The most obvious (but not) reason the show was a triumph were the clothes. The dreamy long dresses made out of various layers of transparent tulle, chiffon and silk were absolutely breathtaking and gave the sense of a fashion fairytale. There was a certain lightness about them. Even the darker outfits were not too heavy and very flowy often styled with transparent chiffon masks shaped like birds, butterflies, insects or even a bat. It had an air of Alice in Wonderland mixed with hints from all our favorite childhood fairytales princesses.
In addition, personally I felt that this collection was very very Dior. Whenever a new creative director joins a house, it usually takes a little time to get used the hand of the new designer. But seeing Maria Grazia Chiuri’s creations float down the runway instantaneously felt right. There were numerous Dior-isms such as an almost perfectly transparent long tulle dress in different pastel colors with a skirt made out of several layers of ‘petals’ that strongly recalled Christian Dior’s FW 1949–50 Junon dress as well as some looks that reminded of Dior’s iconic ‘New Look’ from his SS 1947 collection.

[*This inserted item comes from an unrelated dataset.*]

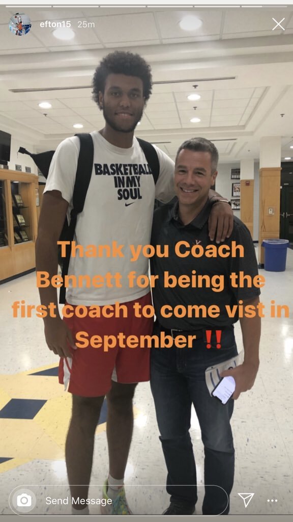 Bennett seems to put a lot of thought and importance on who he sees first each opening day. Reece Beekman held that honor a year ago. Kyle Guy once upon a time. And several in between that bring up less fond memories. Consider Efton the top target on the board. He’s planning to come for an unofficial visit soon, possibly this weekend.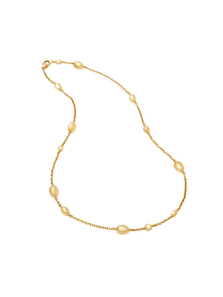 An 18K solid gold necklace featuring thirteen organic, sculptural water drops, punctuated by the chain. Radiant diamonds and pink pearls are set inside each drop.

This mix of Maria Grazia’s personal style and taste combined with classic Dior shapes was a success in itself for me. While Dior and the brand he created was present everywhere, she managed to incorporate just enough of her own vision for the brand as well showing some of her signature astrology graphics we have seen a lot of in her collections for Valentino as well.

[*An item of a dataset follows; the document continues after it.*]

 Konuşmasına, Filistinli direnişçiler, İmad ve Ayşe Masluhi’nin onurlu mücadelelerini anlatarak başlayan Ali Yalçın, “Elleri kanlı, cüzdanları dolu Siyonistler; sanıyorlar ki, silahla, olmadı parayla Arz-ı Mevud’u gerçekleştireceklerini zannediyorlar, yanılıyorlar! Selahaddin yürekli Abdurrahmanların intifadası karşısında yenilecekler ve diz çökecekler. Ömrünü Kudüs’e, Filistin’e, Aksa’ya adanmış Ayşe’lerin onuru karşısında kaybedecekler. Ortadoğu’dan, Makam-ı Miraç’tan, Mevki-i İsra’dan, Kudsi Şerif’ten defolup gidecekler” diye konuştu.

Moving on from the clothes, I would like to speak about the set up of the show. Visitors literally walked into an enchanted forest! There were details hanging from trees such as little light bulbs, crystals and ribbons, which were manifold and divine along with moss on the ground and mirrors on the ceiling, which decidedly added to the ‘Alice in Wonderland-effect’. Definitely magical, I would say!
A praise also goes to the music selected for the show. My attention didn’t stray away from the different looks for one second. The light sounds perfectly accompanied the dresses and added to the fairytale mood of the show completely drawing viewers in.
Last but not least a quick word about the afterparty. There was a garden walk leading up to the ball lined with unicorns and their guardians (yes I am talking horses dressed as unicorns) to greet guests and there was a fake full moon (!) – all of this in the gardens of the Musee Rodin in Paris. I think it doesn’t get much more magical than this.
All in all, Maria Grazia Chiuri’s entire collection for the historical house of Dior including details like feathered head gear, the enchanted forest set up and the masked ball after party were a true Dior Fairytale.